Share your dilemmas and get honest opinions from other Mumsnetters.

Moral Dilemma

425 replies

freerunner75 · 08/05/2021 15:56

My partner and I have been together 12 years. Both married previously, my marriage ended horrifically, my husband blew a tonne of my savings and left me in £25k debt. My partners marriage was similar, his ex left with an extremely large settlement.

We moved in together to a rented place with a view to buying something together. His marital home was sold to settle the divorce agreement, but he had one other property in his name at the time which he kept and rented out. The house we now live in - was bought at an extremely low rate from family. I had no say in this and was not given the option to be a part of it as he classes it as his 'inheritance' and is protective over the equity given what happened with his divorce. I pay half towards the bills and we have both designed and improved the house since we have been here - i have paid for only soft furnishings and a few bits of furniture as I earn a lot less than him and most of my money goes towards the bills and my kids. The house we live in has tripled in value since we have been here and made improvements.

So, we are not married, no mortgage together, no life insurance for each other, nothing. Together 12 years.
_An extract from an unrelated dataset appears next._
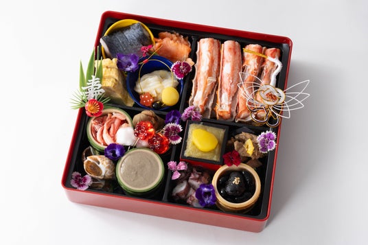 たらば蟹、紅ずわい蟹、かにみそ、栗きんとん、酢たこ、まぐろしぐれ煮、黒豆、寿そら豆、ばい貝、赤にし貝、スモークサーモン、玉子焼、黄金いか、自家製〆さば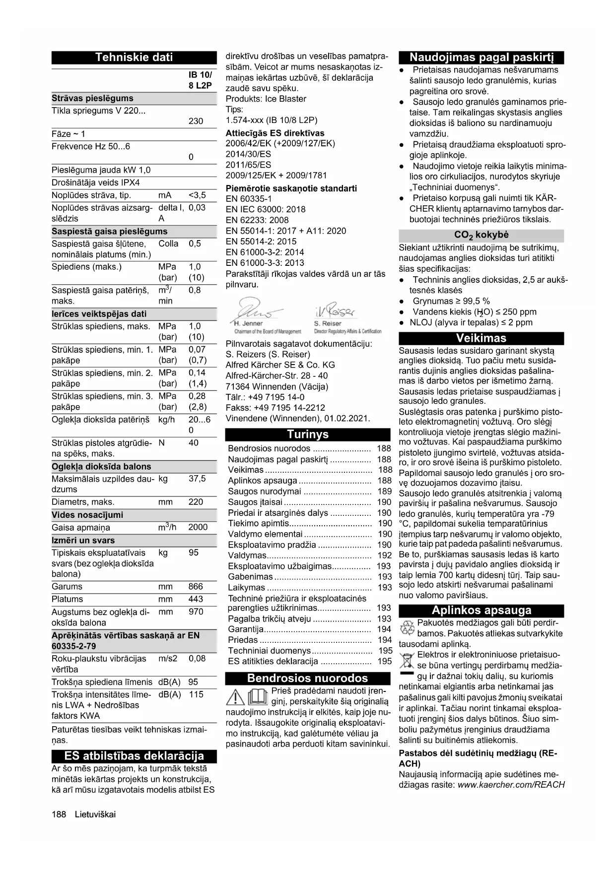 kydami platų varžto jungės šešiakampį. Įveržimo momentas: 80 Nm. Garantija Kiekvienoje šalyje galioja mūsų įgaliotų pardavėjų nustatytos garantijos sąlygos. Galimus įrenginio gedimus garantijos galio- jimo laikotarpiu pašalinsime nemokamai, jei tokių gedimų priežastis buvo netinkamos medžiagos ar gamybos defektai. Dėl ga- rantinių gedimų šalinimo kreipkitės į savo pardavėją arba artimiausią klientų aptarna- vimo tarnybą pateikdami pirkimą patvirti- nantį kasos kvitą. (Adresą rasite kitoje pusėje) Priedas ABS liekamojo slėgio vožtuvas Užsakymo numeris 2.574-006.0 Būtina, kai naudojami anglies dioksido bali- onai su liekamojo slėgio vožtuvu. Triktis Šalinimas Šviečia purškimo pistoleto trikčių rodmuo Prieš įjungdami nespauskite purškimo pistoleto įjungimo svirtelės. Pašalinkite purškimo pistoleto įjungimo svirtelės fiksatorių. Mirksi purškimo pistoleto trikčių rodmuo Patikrinkite, ar purškimo pistoleto valdymo linija prijungta prie prietaiso. Patikrinkite, ar nepažeista purškimo žarnos valdymo linija. Šviečia suslėgtojo oro tieki- mo trikčių rodmuo Padidinkite oro slėgį. Mirksi suslėgtojo oro tiekimo trikčių rodmuo Patikrinkite, ar neužsikimšo išmetimo žarna. Anglies dioksido balionas yra per karštas, todėl turi per aukštą slėgį. Prietaisą su anglies dioksido balionu pastatykite vėsesnėje vietoje arba apsaugokite nuo tiesioginių saulės spindulių. Trikčių rodytuvas Granulių generavimo įtaisas šviečia Leiskite prietaisui atitirpti. Patikrinkite ir, jei reikia, pakeiskite anglies dioksido filtrą . Po to atkurkite pradinius nustatymus. Jei triktis kartojasi, pakeiskite anglies dioksido balioną. Šviečia granulių dozavimo trikčių rodmuo Išjunkite ir vėl įjunkite įrenginį. Jei trikties rodytuvas nesiliauja švietęs, kreipkitės į klientų aptarnavimo tarnybą. Mirksi granulių dozavimo trik- čių rodmuo Dozavimo varikliui leiskite atvėsti. Prietaisą pastatykite taip, kad oras į jį galėtų tekėti iš apačios. Jei reikia, susisiekite su klientų aptarnavimo tarnyba. Nešviečia maitinimo šaltinio kontrolinė lemputė Įkiškite tinklo kištuką į kištukinę dėžutę. Patikrinkite užsakovo įrengtą maitinimą šaltinį. Suslėgtojo oro kontrolinė lemputė nešviečia Prie prietaiso prijunkite suslėgtojo oro žarną. Atidarykite vietoje įrengtoje suslėgtojo oro tiekimo sistemoje esantį uždarymo vožtuvą. Prietaisas neveikia Patikrinkite kontrolines lemputes ir trikčių indikatorius. Atkurkite pradinius nustatymus. Mažas valymo efektyvumas Programos jungiklį pasukite į aukštesnį lygį. Padidinkite srovės slėgį. Patikrinkite anglies dioksido baliono pripildymo lygį. Nenaudokite pakaitinto anglies dioksido baliono. Saugokite anglies dioksido balioną nuo šilumos spindulių. Jei anglies dioksido temperatūra yra aukštesnė nei 31 °C, granulių gamybos efektyvu- mas smarkiai sumažėja. Leiskite purškimo žarnai ir purškimo pistoletui atitirpti, kad pašalintumėte visus užsikimšimus. Tada padidinkite srovės slėgį. Per maža granulių dozė Programos jungiklį pasukite į aukštesnį lygį. Pakeiskite anglies dioksido filtrą tarp anglies dioksido baliono ir prietaiso. Pasikartojantys sauso ledo srauto tiekimo pertr ūkiai Programos jungiklį pasukite į žemesnį lygį arba padidinkite srauto slėgį. Jeigu purškimo antgalis užblokuotas: a Nedelsdami uždarykite anglies dioksido talpyklą. b Palaukite bent 30 minučių, kol prietaisas atauš. c Padidinkite srovės slėgį. dNorėdami pašalinti granulių likučius, įjunkite prietaisą pirmiau uždarę anglies dioksido talpyklą.Українська 195 Techniniai duomenys Gamintojas pasilieka teisę atlikti techninius pakeitimus. ES atitikties deklaracija Pareiškiame, kad toliau aprašyto aparato brėžiniai ir konstrukcija bei mūsų į rinką iš- leistas modelis atitinka pagrindinius ES di- rektyvų saugumo ir sveikatos apsaugos reikalavimus. Jeigu įrenginiui atliekamas su mumis nesuderintas keitimas, ši deklaraci- ja netenka savo galios. Gaminys: Valymo aparatas sausojo ledo granulėmis Tipas: 1.574-xxx (IB 10/8 L2P) Atitinkamos ES direktyvos 2006/42/EB (+2009/127/EB) 2014/30/ES 2011/65/ES 2009/125/EG + 2009/1781 Taikomi darnieji standartai EN 60335-1 EN IEC 63000: 2018 EN 62233: 2008 EN 55014-1: 2017 + A11: 2020 EN 55014-2: 2015 EN 61000-3-2: 2014 EN 61000-3-3: 2013 Pasirašantys asmenys veikia pagal ben- drovės vadovų įgaliojimus. Dokumentacijos tvarkytojas: S. Reiser Alfred Kärcher SE & Co. KG Alfred-Kärcher-Str. 28 - 40 71364 Vinendenas, Vokietija Tel.: +49 7195 14-0 Faks.: +49 7195 14-2212 Vinendenas, 2021 m. vasario 1 d.

The whole lack of financial security is a big issue to me and has caused us endless arguments over the years. But he won't budge. Recently we had a huge bust up and I was looking into my options but they are few given my current situation and budget limitations.

Am willing to take a bashing on this - however am I being unreasonable to request for him to set aside some money for me in case our relationship does break down irretrievably so that I have a safety net? I was thinking perhaps £1000 per year for every year we have lived together - signed and agreed by both and by a solicitor so we both know where we stand?

I am currently earning more than I have for a while and am starting to be able to save again - but my biggest concern is that if we do finish.. i am out on the streets with nothing to my name despite contributing for years... yet he is sitting pretty. I know it sounds bloody awful, but it would take a lot of stress off me and our relationship and I don't think I am being unreasonable.

But I am expecting to be told that I am..... thoughts please.

OP posts:
fallfallfall · 08/05/2021 23:05

No just adding it in, as some countries don’t find her concept unreasonable. Maybe in the future laws will change.

purplebagladylovesgin · 08/05/2021 23:07

You either marry and you are protected by law.

Or, you get on and earn as much as you can to purchase a place you can rent out. This will grow as an asset, it's somewhere you can go if things fail. And you don't have to share it as you are not married.

Legally he doesn't have to share a bean with you. But, neither do you with him. Use this to your advantage if he won't marry you to secure your future.

If he moans you are retraining, or working longer hours, just explain your dilemma. Say you need this safety for your peace of mind as he needs his.

I understand his reluctance to marry again considering he was taken to the cleaners. But this shouldn't stop you making the best of what you have for you.

osbertthesyrianhamster · 08/05/2021 23:22

@fallfallfall

In some countries you would be considered in a common law relationship and indeed after that length of time and shared life together entitled to more. I suspect a SHL might be able to get more than nothing for you but the costs might be more than the benefits, especially if your aiming for 12K vs 1.2M.
Not a chance. There's no common law in England. And these 'shit hot lawyers' cost a lot of money. The OP did everything of her own volition. He never misled her.
osbertthesyrianhamster · 08/05/2021 23:23

@fallfallfall

No just adding it in, as some countries don’t find her concept unreasonable. Maybe in the future laws will change.
I hope not and plenty won't support that. Why should the state nanny adults who don't take responsibility for their poor financial decisions. Fuck that.
MiddleClassProblem · 08/05/2021 23:27

I don’t understand what the other things you pay for are either but it’s a frustratingly vague drip feed.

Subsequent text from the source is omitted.